To achieve these and other advantages and in accordance with the purpose of the disclosed subject matter, as embodied and broadly described, the disclosed subject matter includes an apparatus including an elongated body having a proximal end, a distal end, and a length therebetween. The apparatus further includes a swab head having a proximal end and a distal end, and the proximal end of the swab head is attached to the distal end of the elongated body. The swab head includes a plurality of openings. The apparatus further includes a lumen extending from the proximal end of the elongated body into at least a portion of the swab head. The lumen is in fluidic communication with the plurality of openings.

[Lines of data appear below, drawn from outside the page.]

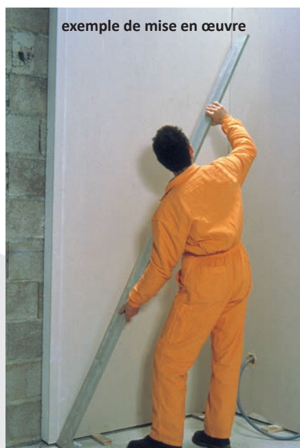
exemple de mise en œuvre

Les travaux préparatoires et la mise en œuvre du DELTIPLAC Th38 se réalisent selon les DTU 25-42. La pose est en général effectuée par collage sur un support sain, sec, dépoussiéré et exempt de tout produit gras, peinture ou enduit plâtre. On utilisera un mortier adhésif à base de plâtre répondant aux spécifications de la norme NF. Le traitement des joints entre les plaques sera réalisé au moyen d'un des systèmes enduit associé à une bande faisant l'objet de certificats CSTB attachés aux Avis Techniques correspondants. Avant application de la peinture, le régulateur de fond uniformise la teinte des plaques.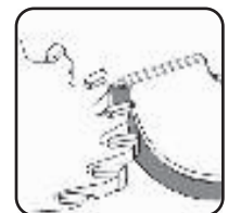
Заточка фрезы по передней поверхности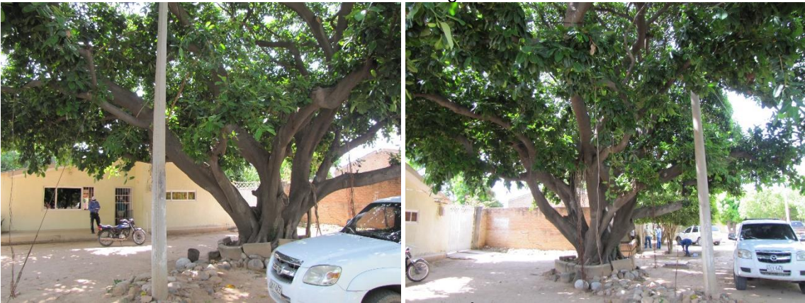
Img.(2 – 3) Ficus elástica , Árbol problema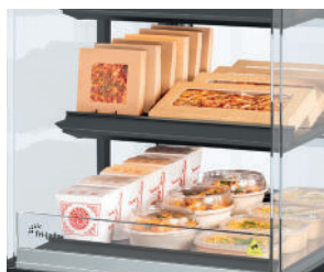
Ultieme productzichtbaarheid - transparant ontwerp, dunne schappen, geen afleiding.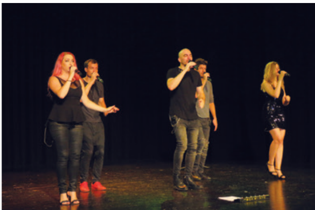
Vokalna skupina Bassless, foto Tomaž Ornik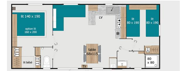
Mobilheim 4 Plätze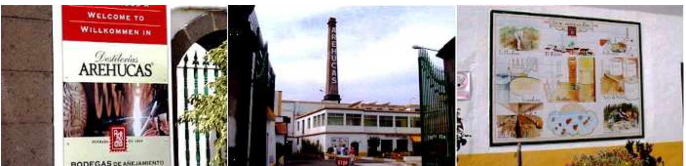
❶ Entrada de la bodega. ❷ Patio de la misma, donde nos reciben para la visita. ❸ Diferentes procesos para la obtención del ron

Esta fabrica fue fundada el 9 de agosto de 1884, su interior es un autentico museo, por las numerosas personalidades que la han visitado y dejado constancia de su presencia.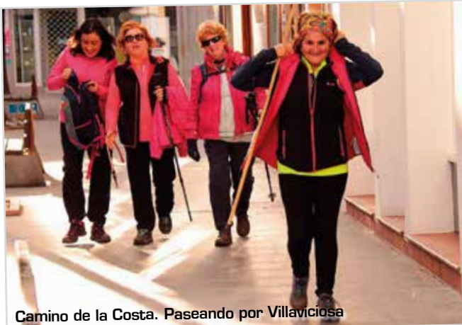
Camino de la Costa. Paseando por Villaviciosa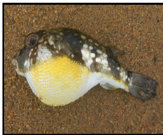
شکل ۱: بادکنک ماهی خال‌شیری ( Chelonodon patoca )

بادکنک ماهیان که فوگل ماهیان و بادکنک ماهیان چهار دندان (Tetraodontidae) نیز نامیده می‌شوند با نام انگلیسی Puffer fish معروف بوده و تا به حال حدود ۱۲۰ گونه ماهی بادکنکی در جهان مورد شناسایی قرار گرفته است. بیشترین علت معروفیت ماهی بادکنکی، به علت سازگاری منحصر به فرد این ماهی برای دفاع از خود است. ماهی‌های بادکنکی در فهرست سمی‌ترین حیوانات جهان، پس از قورباغه سمی طلایی در رتبه دوم قرار دارند. بادکنک ماهیان به گونه‌ای تکامل یافته‌اند که می‌توانند به هر دو سو و حتی به عقب شنا کنند. آن‌ها در هنگام ترس یا رویارویی با خطر بدن خود را با بلعیدن آب تا چند برابر متورم می‌کنند (Kleitou et al., 2018). این ماهی در آب‌های گرمسیری سراسر جهان یافت می‌شود، اما به ندرت به آب‌های سرد رفته و در آب‌های جنوبی ایران نیز زندگی می‌کنند که معروف‌ترین گونه در ایران، گونه بادکنک ماهی خال‌شیری ( Chelonodon patoca ) است (شکل ۱) (Yotsu-Yamashita et al., 2018).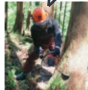
木材を知り尽くすための林業体験！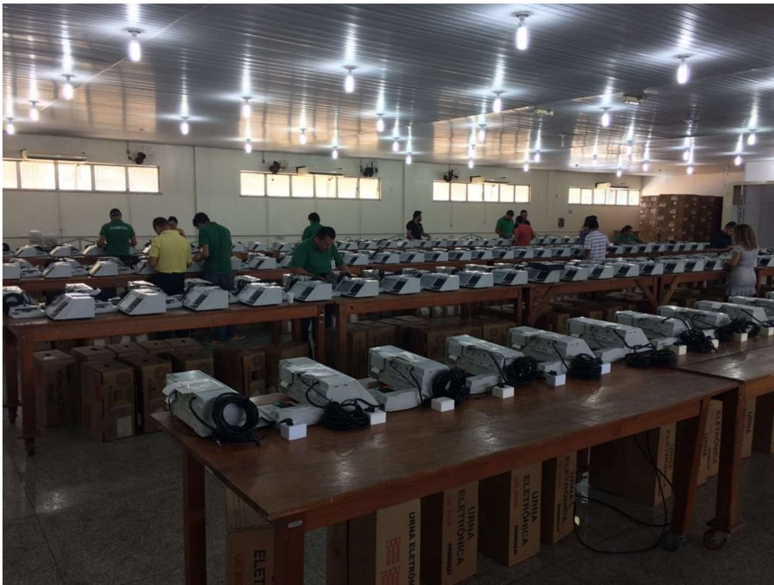
Imagem 10 – Colaboradores atuando na manutenção de urnas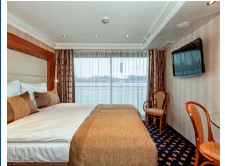
Kabine mit französischem Balkon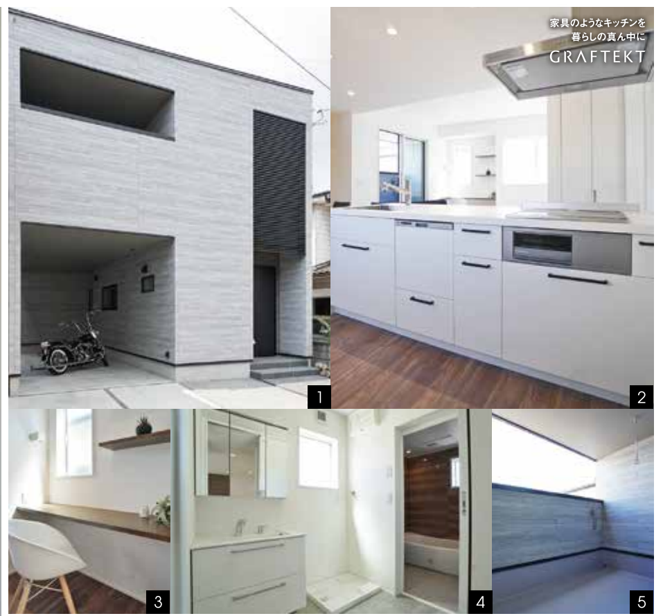
1. ビルドインガレージがアクセントになるスタイリッシュな外観。ガレージはセンサー付き照明で夜も安心に入ることができます。2. 家具のような佇まいが空間を彩るグラフィテクトのキッチンを採用。階段を上がってすぐに収納があり買物の動線も最短に。3. ちょっとした勉強スペースや洗濯物をたたむスペースとして、様々な使い方ができるカウンター。4. 動線が考えられた水回り。バルコニーへ洗濯物をそのまま干しに行けるので家事も楽々。5. ルーフバルコニーは洗濯物を干すだけでなく、ガーデニングやバーベキューなどおうち時間を楽しく過ごせる空間にも。

CREST HOUSE 販売代理店 (株)クレスト不動産販売 TEL.084-925-1122 〒720-0801 広島県福山市入船町1丁目4-15 【営業時間】9:00~18:30(水曜定休) http://www.crest-realestate.jp/ ■建築工事業・内装仕上工事業/広島県知事許可(特28)第28770号 ■不動産業全般/広島県知事許可(特5)第8333号 ■クレスト二級建築士事務所/広島県知事登録18(2)第2520号 クレスト不動産販売

In various embodiments, an apparatus includes an elongated body having a proximal end, a distal end, and a length therebetween along a longitudinal axis. The apparatus further includes a swab head having a proximal end and a distal end, and the proximal end of the swab head is attached to the distal end of the elongated body. The swab head includes a plurality of openings. The apparatus further includes a bore extending along the longitudinal axis from the distal end of the swab head at least partially into the swab head. The bore is in fluidic communication with the plurality of openings, and the bore is configured to engage a pin of a container when the swab is inserted into the container thereby forcing fluid through the plurality of openings.
In various embodiments, an apparatus includes an elongated body having a proximal end, a distal end, and a length therebetween. The apparatus further includes a swab head having a proximal end and a distal end, and the proximal end of the swab head is attached to the distal end of the elongated body. The swab head comprises a plurality of surface features (e.g., grooves, bumps, scoring, etc.) on an outer surface of the swab head.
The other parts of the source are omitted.